● EXERCISE DESCRIPTION
Look below for the line holding "L'Oreal Paris Revitalift" and the line holding "根據(jù)不同需求和不同對". Repeat those two and everything between, exactly.

(GIVEN DATA Opens)

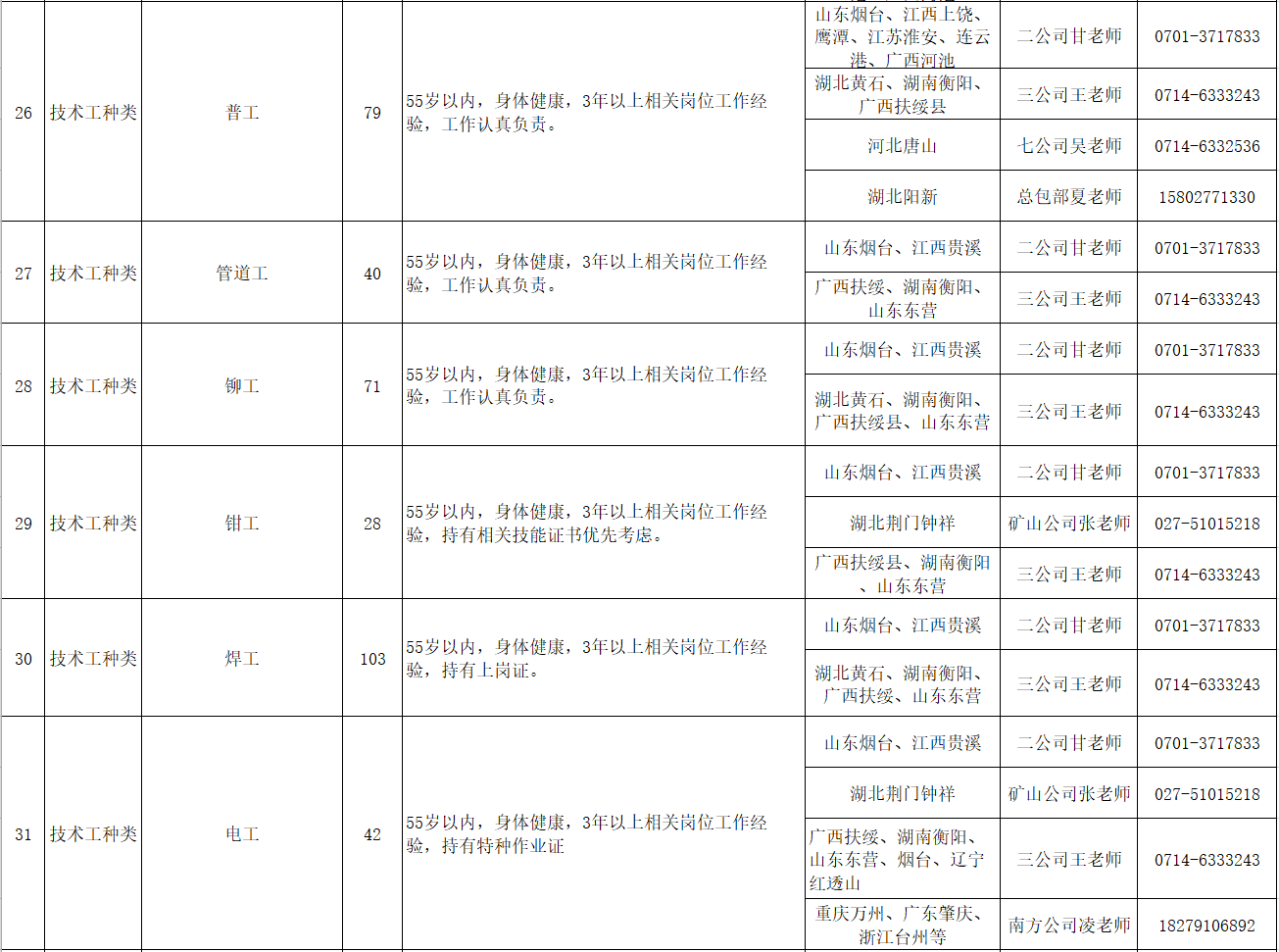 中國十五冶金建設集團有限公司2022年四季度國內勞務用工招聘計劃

(GIVEN DATA Closes)
(GIVEN DATA Opens)

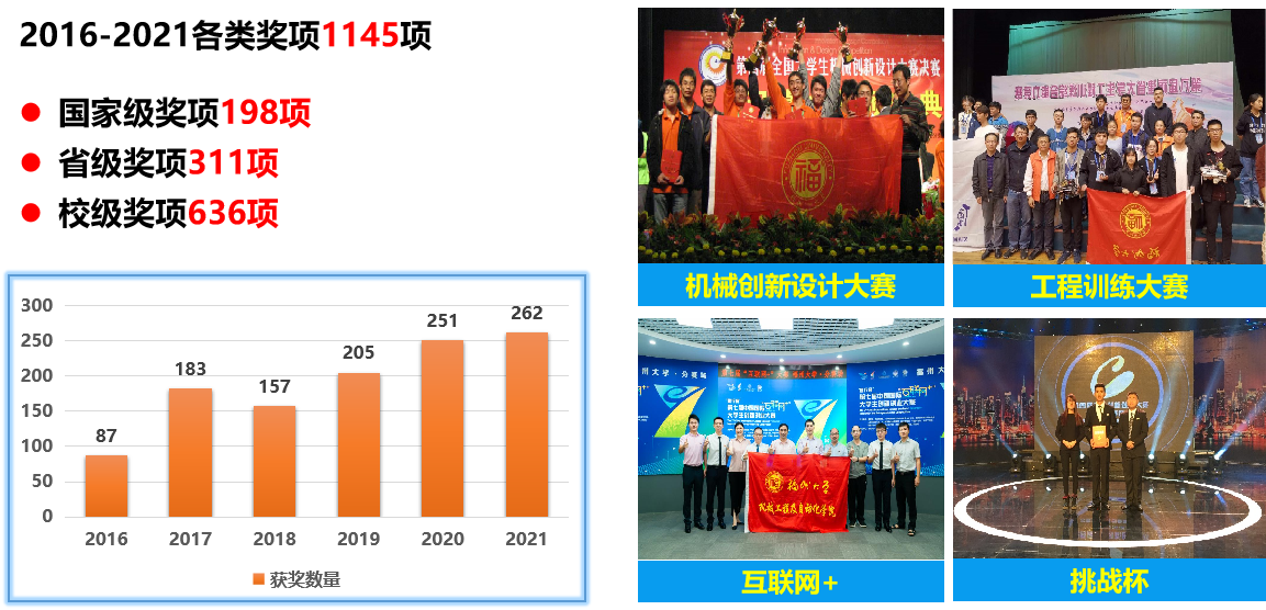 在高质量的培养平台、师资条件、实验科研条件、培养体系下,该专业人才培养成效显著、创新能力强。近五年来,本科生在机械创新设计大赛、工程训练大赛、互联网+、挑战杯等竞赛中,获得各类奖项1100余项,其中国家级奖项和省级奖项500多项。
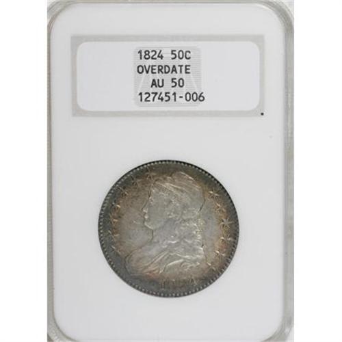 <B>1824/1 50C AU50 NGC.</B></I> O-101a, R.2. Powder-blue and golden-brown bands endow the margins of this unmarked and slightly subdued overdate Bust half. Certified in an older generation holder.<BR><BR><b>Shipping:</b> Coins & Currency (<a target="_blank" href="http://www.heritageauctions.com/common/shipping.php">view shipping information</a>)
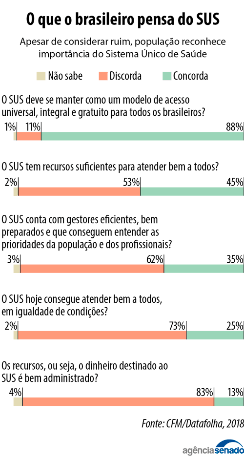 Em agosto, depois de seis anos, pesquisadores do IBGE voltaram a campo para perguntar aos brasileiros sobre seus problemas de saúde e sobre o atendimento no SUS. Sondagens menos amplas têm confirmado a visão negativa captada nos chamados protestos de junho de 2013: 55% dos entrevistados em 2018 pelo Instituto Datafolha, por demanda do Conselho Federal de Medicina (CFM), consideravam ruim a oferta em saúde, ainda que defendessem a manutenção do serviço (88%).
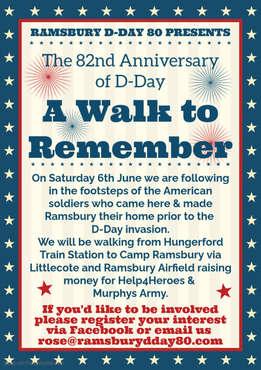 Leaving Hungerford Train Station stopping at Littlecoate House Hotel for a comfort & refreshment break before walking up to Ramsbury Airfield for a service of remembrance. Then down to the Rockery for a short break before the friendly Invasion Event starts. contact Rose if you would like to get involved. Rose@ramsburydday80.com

(GIVEN DATA Closes)
(GIVEN DATA Opens)

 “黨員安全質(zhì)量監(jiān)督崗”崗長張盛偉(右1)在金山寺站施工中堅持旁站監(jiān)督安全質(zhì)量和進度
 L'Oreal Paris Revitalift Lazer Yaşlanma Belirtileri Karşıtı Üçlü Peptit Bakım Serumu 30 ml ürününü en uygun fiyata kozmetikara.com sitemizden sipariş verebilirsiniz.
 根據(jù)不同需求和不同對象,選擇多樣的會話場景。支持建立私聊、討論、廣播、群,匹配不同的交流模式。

(GIVEN DATA Closes)

● EXERCISE RESULT
 L'Oreal Paris Revitalift Lazer Yaşlanma Belirtileri Karşıtı Üçlü Peptit Bakım Serumu 30 ml ürününü en uygun fiyata kozmetikara.com sitemizden sipariş verebilirsiniz.
 根據(jù)不同需求和不同對象,選擇多樣的會話場景。支持建立私聊、討論、廣播、群,匹配不同的交流模式。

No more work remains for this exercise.